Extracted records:
■ ■ ■ ■ ■
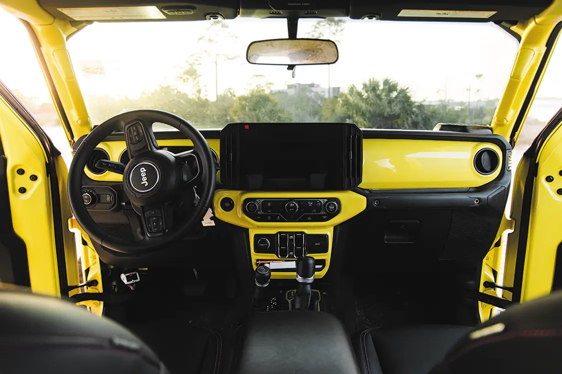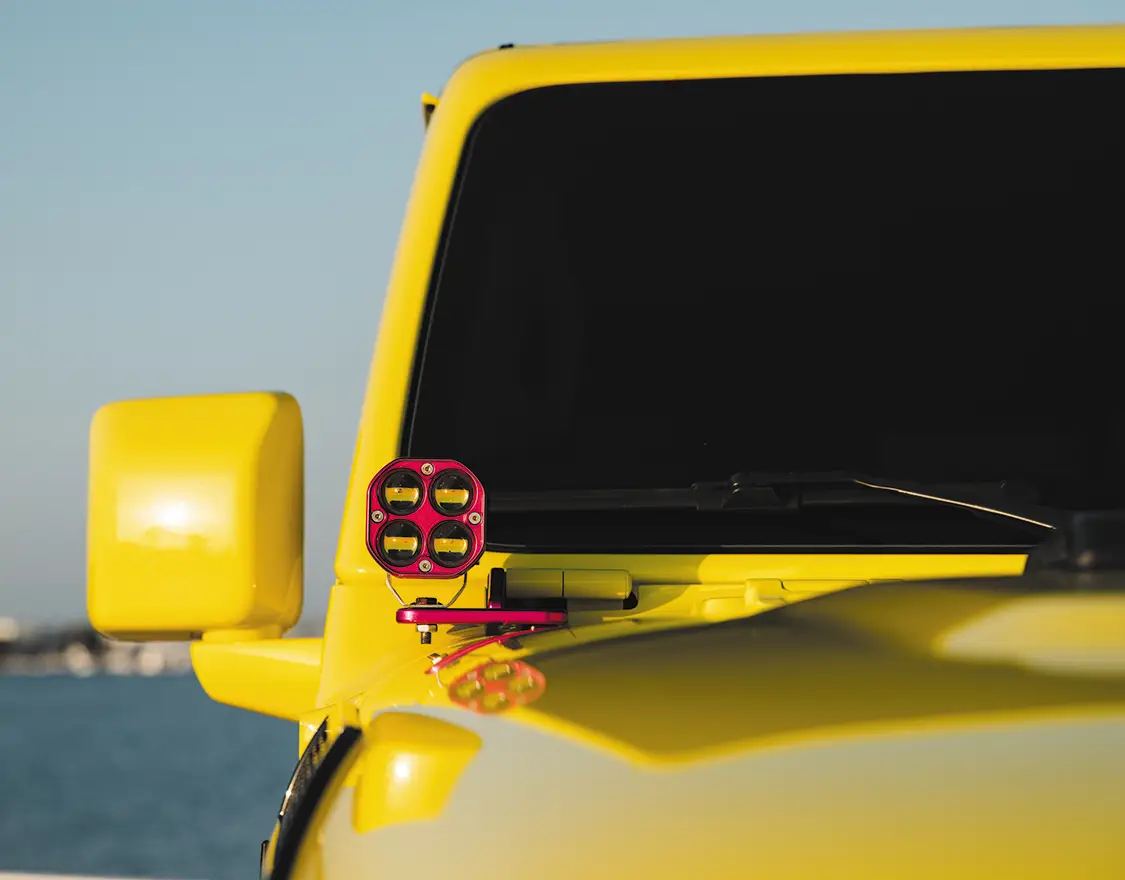 It looks insane, and it’s hard to show its size without having another vehicle next to it. It even made the boats going by look small! Now, Kyle isn’t the kind of Jeep guy to have five thousand ducks on the dashboard, but, in a funny twist of fate, he got ducked during our photoshoot; a lovely couple in from out of town in their own jeep loved Kyle’s and to our surprise, they just happened to have a pink party duck on hand! Watching Kyle squirm a little bit brought nothing but joy to our faces, and we had to document it for the article.
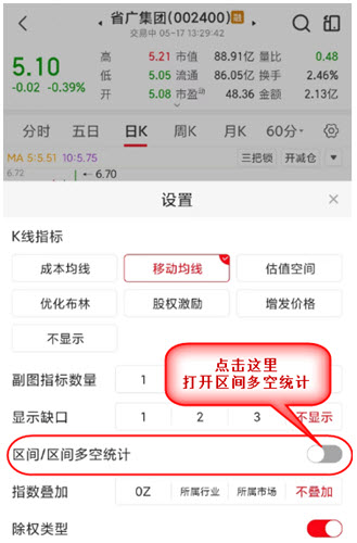 如图所示,先点击手机版K线图右上角的齿轮图标,就可以打开设置窗口。在设置窗口当中,有一个“区间/区间多空统计”的选项,在默认情况下,该选项是处于关闭状态。我们点击其后面的开关按钮,即可打开区间多空统计功能。
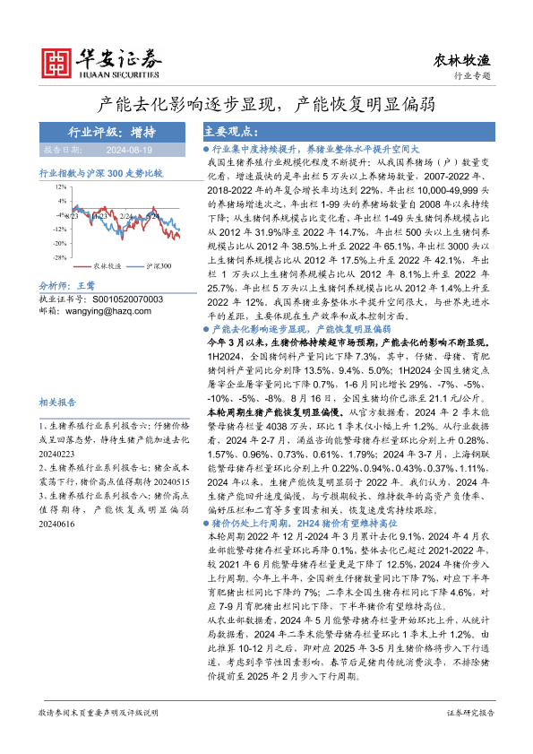 【华安证券】【20240819】20240819-华安证券-农林牧渔行业专题:产能去化影响逐步显现,产能恢复明显偏弱-20页
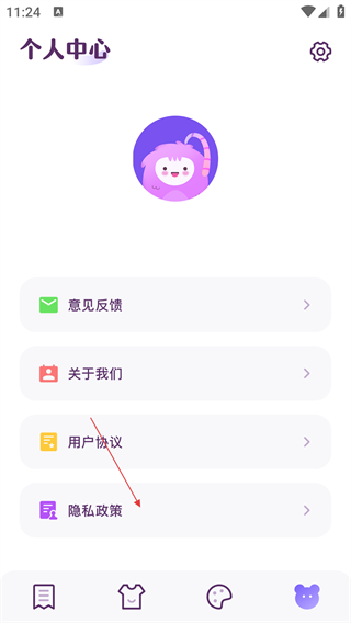 3、进入个人中心页面后,点击【隐私政策】选项,可查看嘀嘀动漫板隐私政策的详细内容。
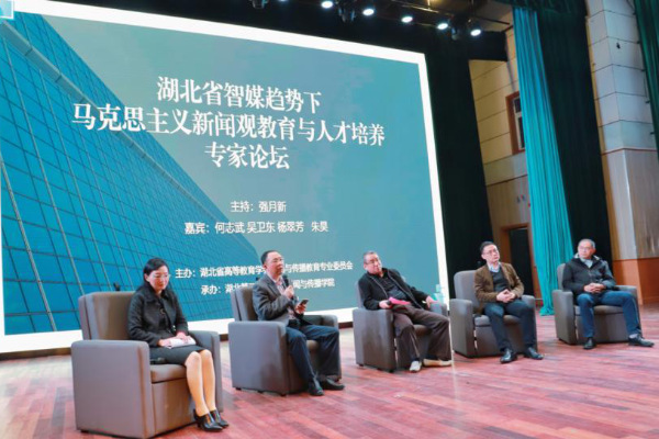 启动仪式后,省内学界、业界导师代表开展了题为《湖北省智媒趋势下马克思主义新闻观教育与人才培养》的专家论坛。论坛由湖北省高等教育学会新闻与传播教育专业委员会主办,我校新传学院承办。武汉大学新传学院院长强月新教授主持论坛,华中科技大学新闻与信息传播学院何志武教授、大楚网副总裁吴卫东、湖北大学新闻传播学院副院长杨翠芳教授和湖北长江云新媒体集团总经理朱昊进行了分享与交流讨论。(编辑 张震)
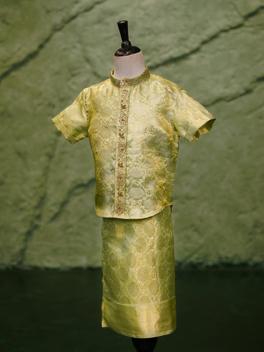 Pastel Green Kanchipuram Silk Shirt & Dhoti Set
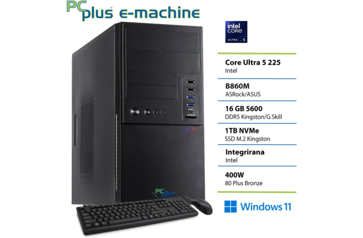 PCPLUS e-machine Core Ultra 5 225 16GB 1TB SSD Windows 11 Pro tipkovnica miška namizni računalnik
■ ■ ■ ■ ■
--- WHAT YOU SHOULD DO ---
Your copy should match the records above exactly, except that it contains no pictures.

--- COMPLETED TASK ---
 It looks insane, and it’s hard to show its size without having another vehicle next to it. It even made the boats going by look small! Now, Kyle isn’t the kind of Jeep guy to have five thousand ducks on the dashboard, but, in a funny twist of fate, he got ducked during our photoshoot; a lovely couple in from out of town in their own jeep loved Kyle’s and to our surprise, they just happened to have a pink party duck on hand! Watching Kyle squirm a little bit brought nothing but joy to our faces, and we had to document it for the article.
 如图所示,先点击手机版K线图右上角的齿轮图标,就可以打开设置窗口。在设置窗口当中,有一个“区间/区间多空统计”的选项,在默认情况下,该选项是处于关闭状态。我们点击其后面的开关按钮,即可打开区间多空统计功能。
 【华安证券】【20240819】20240819-华安证券-农林牧渔行业专题:产能去化影响逐步显现,产能恢复明显偏弱-20页
 3、进入个人中心页面后,点击【隐私政策】选项,可查看嘀嘀动漫板隐私政策的详细内容。
 启动仪式后,省内学界、业界导师代表开展了题为《湖北省智媒趋势下马克思主义新闻观教育与人才培养》的专家论坛。论坛由湖北省高等教育学会新闻与传播教育专业委员会主办,我校新传学院承办。武汉大学新传学院院长强月新教授主持论坛,华中科技大学新闻与信息传播学院何志武教授、大楚网副总裁吴卫东、湖北大学新闻传播学院副院长杨翠芳教授和湖北长江云新媒体集团总经理朱昊进行了分享与交流讨论。(编辑 张震)
 Pastel Green Kanchipuram Silk Shirt & Dhoti Set
 PCPLUS e-machine Core Ultra 5 225 16GB 1TB SSD Windows 11 Pro tipkovnica miška namizni računalnik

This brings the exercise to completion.